Why is it important for the healthcare provider to monitor blood pressure in clients receiving antipsychotic drugs?

  • A. Orthostatic hypotension is a common side effect.
  • B. Most antipsychotic drugs cause elevated blood pressure.
  • C. This provides information on the amount of sodium allowed in the diet.
  • D. It will indicate the need to institute anti-parkinsonian drugs.

Correct Answer: A
Rationale: The correct answer is A because monitoring for orthostatic hypotension is crucial when clients are receiving antipsychotic drugs since it is a common side effect. Orthostatic hypotension can lead to symptoms like dizziness and falls, making it essential to monitor blood pressure regularly. Choices B, C, and D are incorrect because most antipsychotic drugs do not typically cause elevated blood pressure, monitoring blood pressure is not directly related to the amount of sodium in the diet, and blood pressure monitoring is not primarily used to determine the need for anti-parkinsonian drugs in clients receiving antipsychotic medications.

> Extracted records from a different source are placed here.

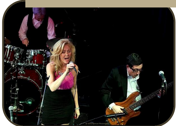
One of G4G's fundraisers, the Lawyers for the Arts Event 2015
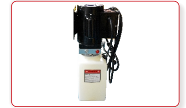
ETL certified AMGO power unit .
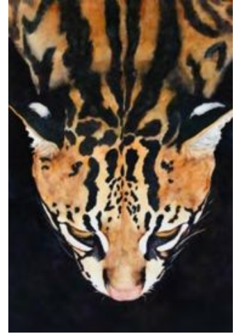
Glenyse Henschel San Ramon, California Ocelot 15" x 22" $875
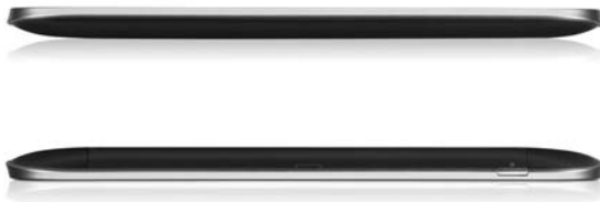
IdeaTab A2109 (Top and Bottom)
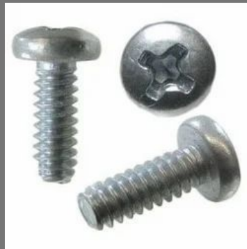
Philips Head Screw
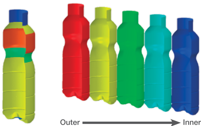
The heat transfer method is an alternative analysis available in Abaqus.

With the heat transfer method, the team could use a different type of 3D element as the building block for their models. Elements, used by the hundreds of thousands in an FEA model, are the mathematical units that describe the object being analyzed. "We found that the 'shell' elements available in the heat transfer method were more efficient," says Dr. Shi. "They use less computational time than the solid 'hex' ones used in the mass diffusion procedure and gave us
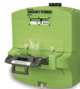
Fendall Pure Flow 1000 Eyewash Station (32-001000-0000)
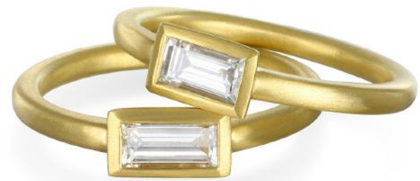
18k gold diamond baguette rings
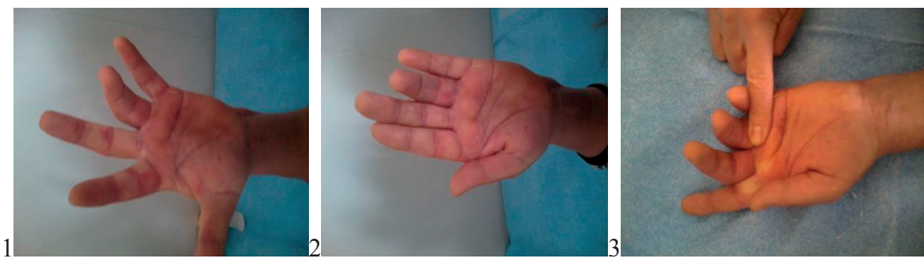
Figure 3. Week 6: 1. abduction, 2. adduction, 3. flexion and extension of interphalangeal joint.

Many authors in their studies after rehabilitation program evaluated grip strength. Riaz. et al. (21) in their study reported the results of grip strength, where 94% of cases were good after rehabilitation. A study done by
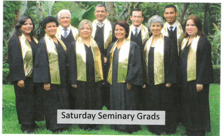
Saturday Seminary Grads
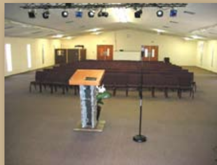
Spacious Sanctuary Including a Soundbooth
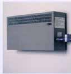
■ Explosion-proof convection heating
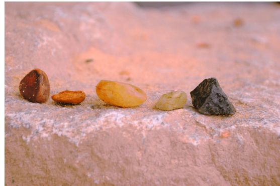
#2: Just Chillin
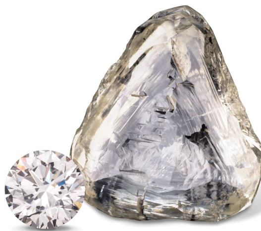
Rough and Polished diamonds

Note: Support for Windows 8.1 and earlier, as well as MacOS 11 and earlier, is no longer available. Requirements subject to change; students will be given advanced notice of changes.
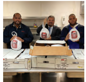
Many thanks to Maschio's Food Service for donating Thanksgiving turkeys to all of our community residences (group homes).
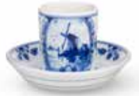
091185 2.25" Mokka Cup & Saucer $268.95
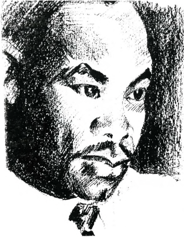
Martin Luther King, Jr. 1929-1968

When he was only twenty-six years old, King told those gathered at the first meeting of the Montgomery bus boycott, "If you will protest courageously, and with dignity and Christian love, when the history books are written in future generations, the historians will have to pause and say, 'There lived a great people--a black people--who injected new meaning into the veins of civilization.' This is our challenge and our overwhelming responsibility."
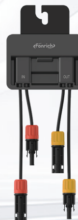
Thermal Plus / 1 For 2
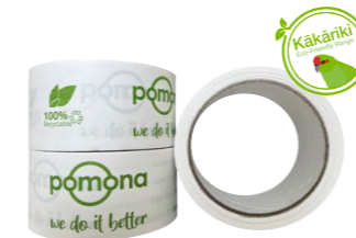
GP04WP Custom Printed Water Activated Gum Paper Tape - 100% Recyclable 36/48/72mm x 50m
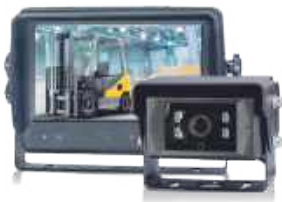
HD WATERPROOF REAR VIEW CAMERA SYSTEM

After a myocardial infarction, a client is placed on a sodium-restricted diet. When the nurse is teaching the client about the diet, which meal plan would be the most appropriate?

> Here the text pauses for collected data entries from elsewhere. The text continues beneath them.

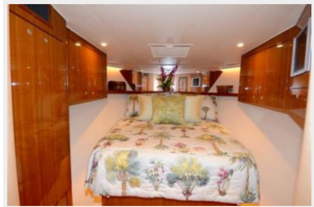
Forward Guest Stateroom
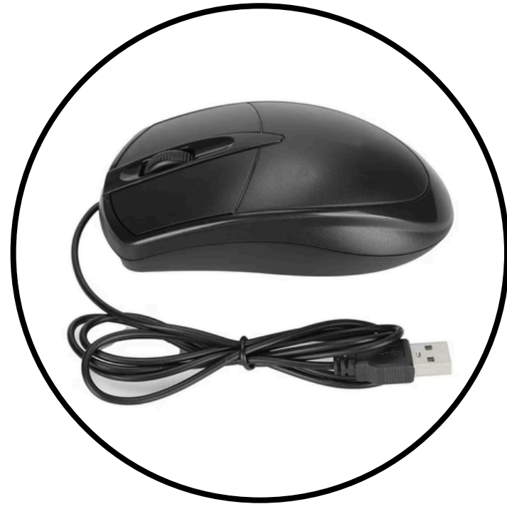
1 - WIRED mouse
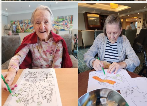
Arts and craft
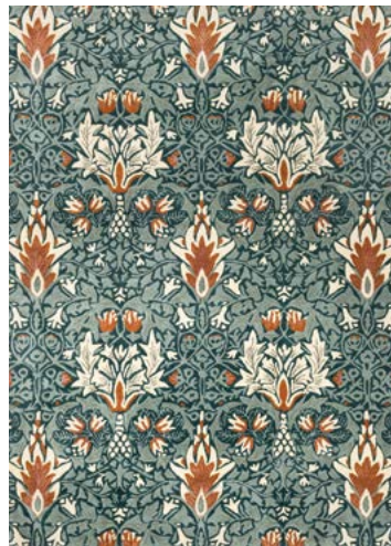
Snakeshead | thistle russet 127207
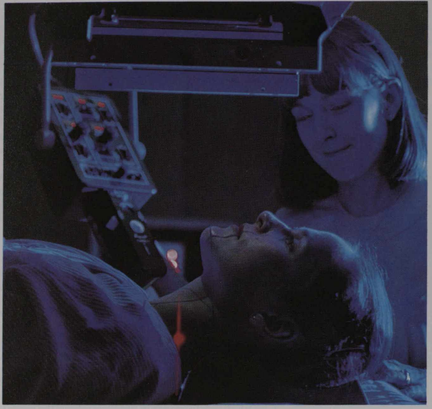
Scanners can eliminate the need for risky surgery.

The firm also produces biomedical devices which monitor heart beat and an 'electronic gym' which measures the electrical activity of various muscle groups during isometric exercise.
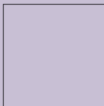
12" x 12" (305mm x 305mm)
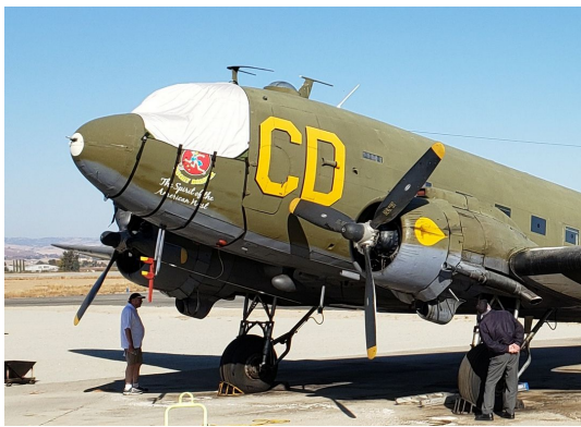
Douglas DC-3 Cockpit Cover
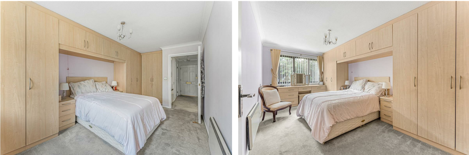
Approximate Gross Internal Area 547 sq ft - 51 sq m

  • A. 3 oz. broiled fish, 1 baked potato, 1/2 cup canned beets, 1 orange, and milk
  • B. 3 oz. canned salmon, fresh broccoli, 1 biscuit, tea, and 1 apple
  • C. A bologna sandwich, fresh eggplant, 2 oz fresh fruit, tea, and apple juice
  • D. 3 oz. turkey, 1 fresh sweet potato, 1/2 cup fresh green beans, milk, and 1 orange

Correct Answer: D
Rationale: The most appropriate meal plan for a client following a myocardial infarction and placed on a sodium-restricted diet should include fresh ingredients with low sodium content to promote heart health. Option D, which consists of 3 oz. turkey, 1 fresh sweet potato, 1/2 cup fresh green beans, milk, and 1 orange, aligns best with these requirements. Option A contains canned beets, which are typically high in sodium. Option B includes canned salmon, which may have added sodium. Option C has a bologna sandwich, which is processed and high in sodium. Therefore, Option D is the most suitable choice for a client needing a low-sodium diet after a heart attack.